A Regular Expressions Sandbox
August 24, 2018 9:14 AM Subscribe

Regular Expressions 101 is an online sandbox for writing and testing regular expressions. It supports PCRE, Javascript, Python, and Go syntax and has a well-designed visualization, explanation, and performance evaluation interface.
posted by jedicus (32 comments total) 60 users marked this as a favorite

I fucking love that site. Any time I'm constructing a REGEX, I'm over there putting in concepts and seeing how they come out.
posted by sciatrix at 9:18 AM on August 24, 2018 [5 favorites]

An explanation of your regex will be automatically generated as you type.

Niiiiiiice.

Now have it generate a state machine diagram on the fly as well.
posted by tobascodagama at 9:25 AM on August 24, 2018

It describes pcre as "php". I must be even older than I thought :(

Nice app though.
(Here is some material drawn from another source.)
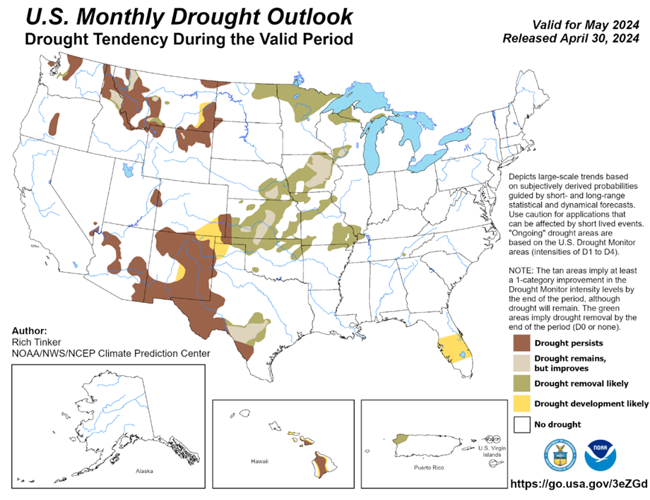 Northern Plains: The region will see more widespread showers this week as a system moves through on Tuesday with another for Wednesday and Thursday and yet another this weekend. The active weather will make it difficult to get out into the field in some areas, but help to ease the remaining drought and add soil moisture.

I'm mobile ATM and wasn't expecting such a slick result.
posted by merlynkline at 9:28 AM on August 24, 2018

Some people, when confronted with a problem, think "I know, I'll use regular expressions." Now they have two problems.

(This is tool is very good)
posted by Artw at 9:32 AM on August 24, 2018 [4 favorites]

For .NET-style regexes, there's Regex Storm.
posted by a snickering nuthatch at 9:34 AM on August 24, 2018

No Regex thread is complete without a mention of Regex Crosswords.
posted by Tell Me No Lies at 9:45 AM on August 24, 2018 [5 favorites]

For Ruby-style regexes, there's Rubular.
posted by Nossidge at 9:52 AM on August 24, 2018 [2 favorites]

This site has saved me so many times.
posted by OverlappingElvis at 9:57 AM on August 24, 2018

I don't ever write regex without running it through this site, with a bunch of different text strings in the bottom box. I also don't trouble-shoot other folks regex without plopping it in here along with typical app data to see if their regex is doing what they think it's doing.

Regex is such a fascinating and frustrating insight into stuff our brains do pretty well but is hard to get machines to do well. I probably can't formulate a super-tricky example off the cuff, but things like "hey, can you highlight all image tags which have a data attribute and are within the third consecutive paragraph tag after a block-level tag..." is not hard to get most people to do properly but can be one of those "my regex is longer than the sample text" things.
posted by maxwelton at 10:05 AM on August 24, 2018 [2 favorites]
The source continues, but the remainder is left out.